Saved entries
----------
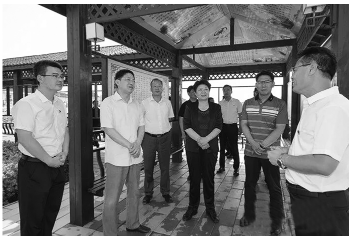
涑水河绛县城区段生态治理工程项目是集防洪、蓄水、生态、人文于一体的城市生态景观水系,也是落实“一泓清水入黄河”的

他鼓励企业在确保安全的前提下,抢抓施工黄金期,力争分秒加快项目建设,争取早日投产达效。要求各地各部门要主动作为、靠前服务,为项目顺利推进提供有力保障。
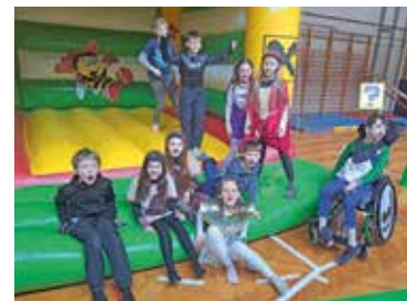
Faschingsnarren der 4. Klasse

Seiten. Die Menge tobte, klatschte und sang zur Musik. Faschingskrapfen sind an so einem Tag ein Muss. Vielen Dank an die Marktgemeinde Bad Schwanberg , die diese von der Bäckerei Schmuck
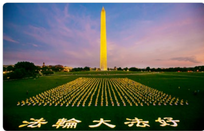
美国华盛顿纪念碑下，法轮功学员烛光集会，纪念20多年的和平反迫害历程。

1999年7月20日，中共对修炼“真、善、忍”的上亿法轮功学员发起残酷迫害。25年来，法轮功学员坚守正信，捍卫人类道德，和平理性地抵制迫害，传播真相，获全球赞誉和声援。欧洲法轮功之友主席约翰·迪伊说：“尽管面临残酷的迫害，中国的修炼者没有被吓倒，中共也没能影响或减少法轮大法对世界的积极影响，这一事实清楚地表明迫害很快就会结束。”迪伊说：“这只是一个时间问题，因为一善胜百恶。”
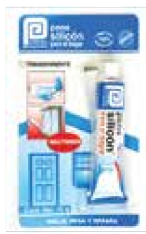
SILICÓN BLISTER UG
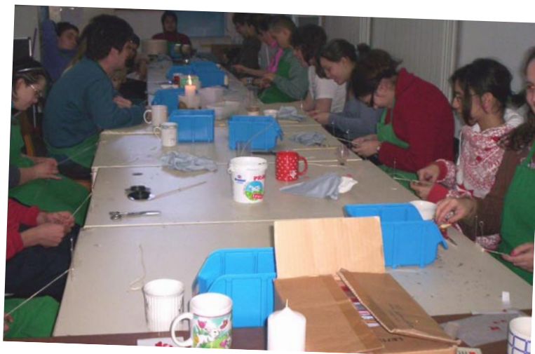
Un atelier mai plin la vizita unei grup de elev de la scoala Goethe din Bucuresti, pe 28.01.2008

A doua intrebare care se pune este bineinteles daca are sens sa faci parteneriate cu institutiile statului? Am fost intrebati deseori daca nu dorim sa luam masuri juridice. Un raspuns nu este usor pentru noi. Pe de o parte este vorba despre un contract care face posibila luarea unor astfel de masuri. Pe de alta parte este vorba despre situatia de fapt, ca nu a existat nici un interes legat de munca din atelier. Deci intrebarea se poate reformula: „Are un sens sa lucram cu oameni dezinteresati?“ Aici raspunsul nostru este clar: „Nu“. Asta inseamna pentru noi ca pe viitor, parteneriatele cu institutiile statului le vom analiza foarte atent. Ne vom concentra energia in special spre ceea ce putem face noi. Aceasta inseamna pentru oamenii care vin la atelier, mai multa siguranta si este o garantie pentru increderea multor sponsori si donatori, care ne sustin continuu.
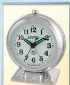
871A-1 диаметр 88 мм
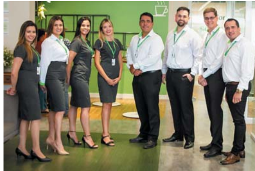
Equipe de atendimento em Itamogi
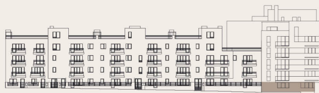
budova M1 - 1.NP / building M1 - 1st floor
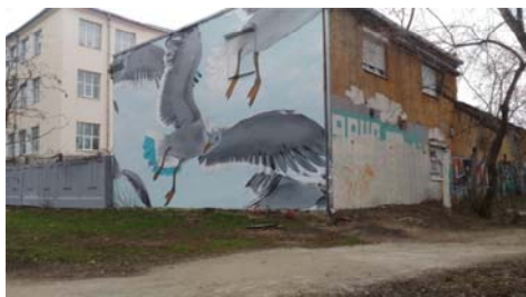
Рис. 15 Fig. 15

Однако не только райтеры используют вандализм в качестве инструмента самовыражения и раскрытия креативного личностного потенциала. К этой модели самореализации могут прибегать другие, обычные горожане. На рис. 15 и 16 приводятся примеры такого материального воплощения творческих способностей: на одной фотографии на торце постройки изображен полет стаи птиц, на другой – дерево как символ жизни.
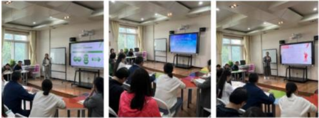
（“十九届六中全会精神融入思政课”专题集体备课会）
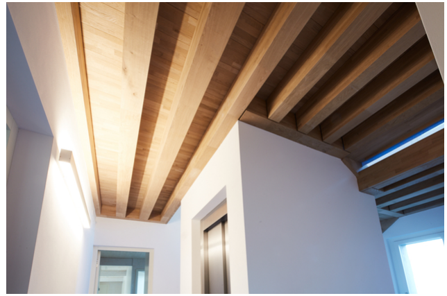
Treppenhaus und Liftschacht in Holzbauweise
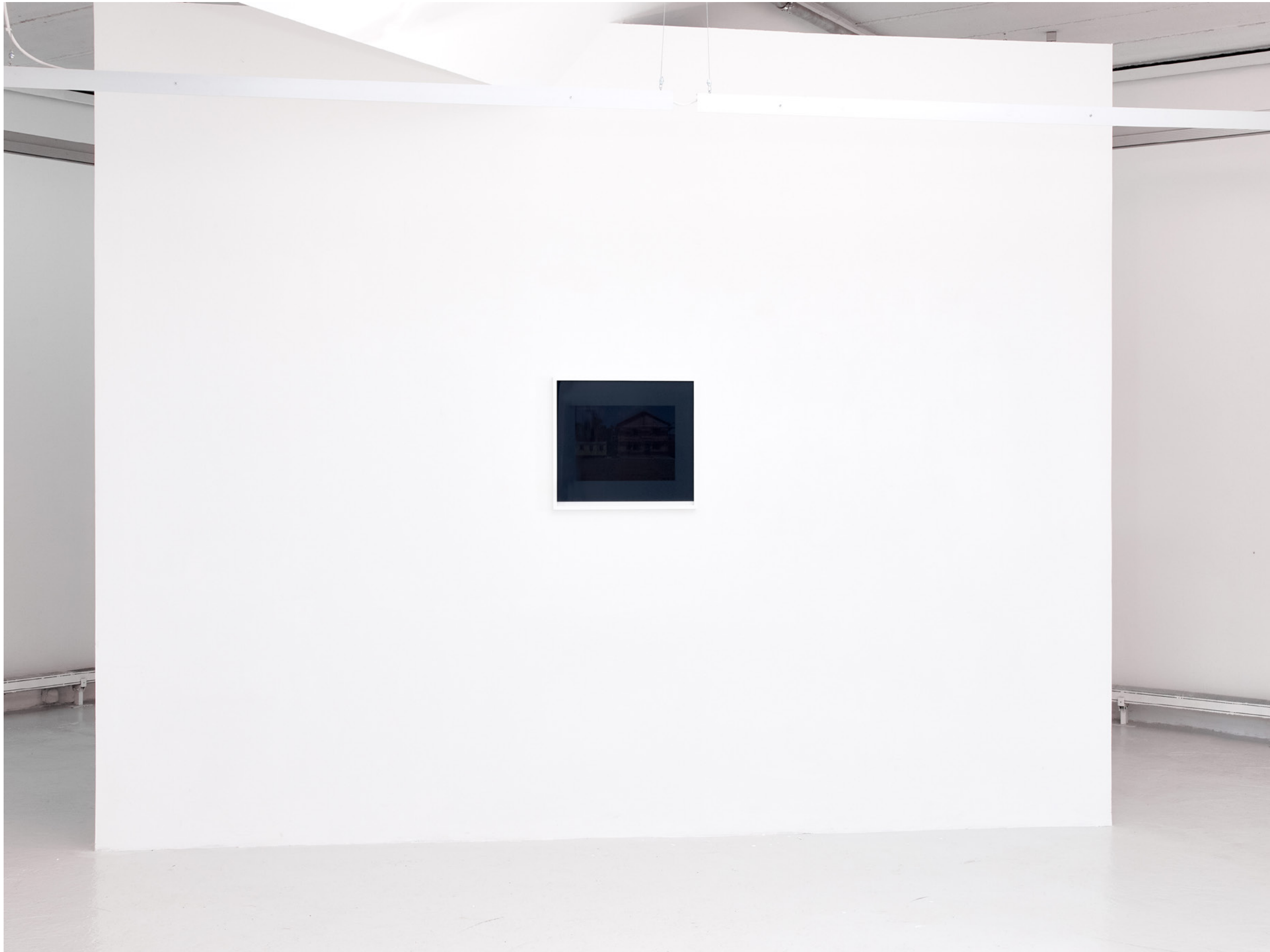
Good Bye , 2022, Pigmentdruck, gerahmt, Glas 2-geteilt grau/transparent (pigment print, custom frame, split glass panels, gray/clear), 46x51,5 cm
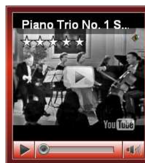
Yehudi Menuhin, Maurice Gendron e Hepzibah Menuhin Piano Trio N° 1 Schubert

A crise não foi nem marolinha, nem tsunami, mas ressaca tão forte quanto passageira. Do estouro da crise lá fora em 15 de setembro de 2008 até a chegada nas séries da PME demorou três meses e meio, defasagem similar ao da chegada da crise asiática de setembro de 1997 às mesmas séries. A diferença é que o efeito da última persistiu por cinco anos em nossas séries e o da crise recente começou a ser revertido um mês depois. Mas o que explica a retomada recente? Não foi a média de renda per capita que sobe 0,9% nos
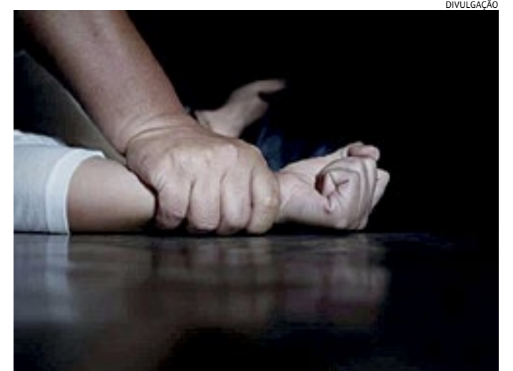
É a primeira queda desse tipo de crime registrada em sete meses

Na cidade de São Paulo, os casos passaram de
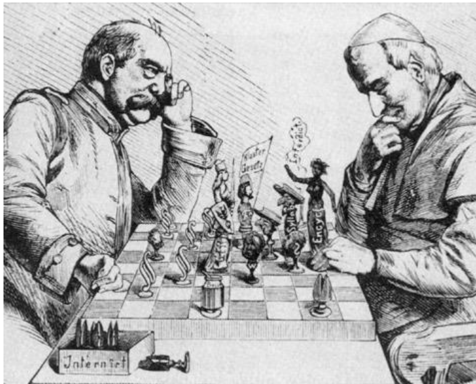
Karykatura polityki kulturkampfu – Bismarck rozgrywający partię szachów z papieżem, autor nieznany, ok. 1875 r.
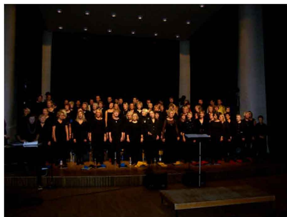
Poliskören in action

Aftonens lilla sångkompott har sin tonvikt mot lättsammare underhållning, som ett glatt Klobben-jubileum påbjuder.
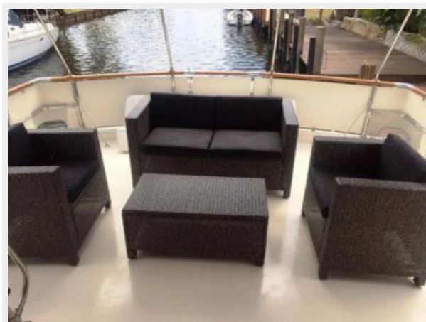
Salon aft deck area
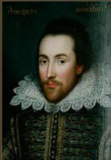
Прижизненный портрет Вильяма Шекспира 1610 год
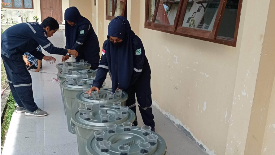
Teknik budi daya ikan lele secara akuaponik melalui budikdamber (budi daya dalam ember).
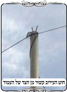
חוט העירוב קשור מן הצד של העמוד

הם עברו יחד על כל ההיקף של הישוב, למעלה ממאה צורות פתח, הבודק נעץ את עיניו כל הדרך בראשי העמודים, יחד עם שימת לב גם לשאר ההלכות הנוגעות לכשרות העירוב. עד שבאחד מהפינות בין החומות, שוב הוא עצר והתבונן וגילה שהחוט קשור מן הצד של העמוד ממש. האחראי התבונן ועזר לו להבין את הסיבה לכך, מפני שהחוט הראשון נקרע, והקושר תלה את החוט החדש על החוט שבצד השני של העמוד, כיון שהיה לו קשה לטפס לקשור בראש העמוד. אילו הוא היה יודע את מה שהאחראי יודע עכשיו, שהחוט חייב להיות מעל העמוד ולא מן הצד, מסתבר שהחוט הזה היה קשור כמו שצריך.
----------
Down to the last line, set down the data above exactly, and omit all images.

涑水河绛县城区段生态治理工程项目是集防洪、蓄水、生态、人文于一体的城市生态景观水系,也是落实“一泓清水入黄河”的

他鼓励企业在确保安全的前提下,抢抓施工黄金期,力争分秒加快项目建设,争取早日投产达效。要求各地各部门要主动作为、靠前服务,为项目顺利推进提供有力保障。
Faschingsnarren der 4. Klasse

Seiten. Die Menge tobte, klatschte und sang zur Musik. Faschingskrapfen sind an so einem Tag ein Muss. Vielen Dank an die Marktgemeinde Bad Schwanberg , die diese von der Bäckerei Schmuck
美国华盛顿纪念碑下，法轮功学员烛光集会，纪念20多年的和平反迫害历程。

1999年7月20日，中共对修炼“真、善、忍”的上亿法轮功学员发起残酷迫害。25年来，法轮功学员坚守正信，捍卫人类道德，和平理性地抵制迫害，传播真相，获全球赞誉和声援。欧洲法轮功之友主席约翰·迪伊说：“尽管面临残酷的迫害，中国的修炼者没有被吓倒，中共也没能影响或减少法轮大法对世界的积极影响，这一事实清楚地表明迫害很快就会结束。”迪伊说：“这只是一个时间问题，因为一善胜百恶。”
SILICÓN BLISTER UG
Un atelier mai plin la vizita unei grup de elev de la scoala Goethe din Bucuresti, pe 28.01.2008

A doua intrebare care se pune este bineinteles daca are sens sa faci parteneriate cu institutiile statului? Am fost intrebati deseori daca nu dorim sa luam masuri juridice. Un raspuns nu este usor pentru noi. Pe de o parte este vorba despre un contract care face posibila luarea unor astfel de masuri. Pe de alta parte este vorba despre situatia de fapt, ca nu a existat nici un interes legat de munca din atelier. Deci intrebarea se poate reformula: „Are un sens sa lucram cu oameni dezinteresati?“ Aici raspunsul nostru este clar: „Nu“. Asta inseamna pentru noi ca pe viitor, parteneriatele cu institutiile statului le vom analiza foarte atent. Ne vom concentra energia in special spre ceea ce putem face noi. Aceasta inseamna pentru oamenii care vin la atelier, mai multa siguranta si este o garantie pentru increderea multor sponsori si donatori, care ne sustin continuu.
871A-1 диаметр 88 мм
Equipe de atendimento em Itamogi
budova M1 - 1.NP / building M1 - 1st floor
Рис. 15 Fig. 15

Однако не только райтеры используют вандализм в качестве инструмента самовыражения и раскрытия креативного личностного потенциала. К этой модели самореализации могут прибегать другие, обычные горожане. На рис. 15 и 16 приводятся примеры такого материального воплощения творческих способностей: на одной фотографии на торце постройки изображен полет стаи птиц, на другой – дерево как символ жизни.
（“十九届六中全会精神融入思政课”专题集体备课会）
Treppenhaus und Liftschacht in Holzbauweise
Good Bye , 2022, Pigmentdruck, gerahmt, Glas 2-geteilt grau/transparent (pigment print, custom frame, split glass panels, gray/clear), 46x51,5 cm
Yehudi Menuhin, Maurice Gendron e Hepzibah Menuhin Piano Trio N° 1 Schubert

A crise não foi nem marolinha, nem tsunami, mas ressaca tão forte quanto passageira. Do estouro da crise lá fora em 15 de setembro de 2008 até a chegada nas séries da PME demorou três meses e meio, defasagem similar ao da chegada da crise asiática de setembro de 1997 às mesmas séries. A diferença é que o efeito da última persistiu por cinco anos em nossas séries e o da crise recente começou a ser revertido um mês depois. Mas o que explica a retomada recente? Não foi a média de renda per capita que sobe 0,9% nos
É a primeira queda desse tipo de crime registrada em sete meses

Na cidade de São Paulo, os casos passaram de
Karykatura polityki kulturkampfu – Bismarck rozgrywający partię szachów z papieżem, autor nieznany, ok. 1875 r.
Poliskören in action

Aftonens lilla sångkompott har sin tonvikt mot lättsammare underhållning, som ett glatt Klobben-jubileum påbjuder.
Salon aft deck area
Прижизненный портрет Вильяма Шекспира 1610 год
Teknik budi daya ikan lele secara akuaponik melalui budikdamber (budi daya dalam ember).
חוט העירוב קשור מן הצד של העמוד

הם עברו יחד על כל ההיקף של הישוב, למעלה ממאה צורות פתח, הבודק נעץ את עיניו כל הדרך בראשי העמודים, יחד עם שימת לב גם לשאר ההלכות הנוגעות לכשרות העירוב. עד שבאחד מהפינות בין החומות, שוב הוא עצר והתבונן וגילה שהחוט קשור מן הצד של העמוד ממש. האחראי התבונן ועזר לו להבין את הסיבה לכך, מפני שהחוט הראשון נקרע, והקושר תלה את החוט החדש על החוט שבצד השני של העמוד, כיון שהיה לו קשה לטפס לקשור בראש העמוד. אילו הוא היה יודע את מה שהאחראי יודע עכשיו, שהחוט חייב להיות מעל העמוד ולא מן הצד, מסתבר שהחוט הזה היה קשור כמו שצריך.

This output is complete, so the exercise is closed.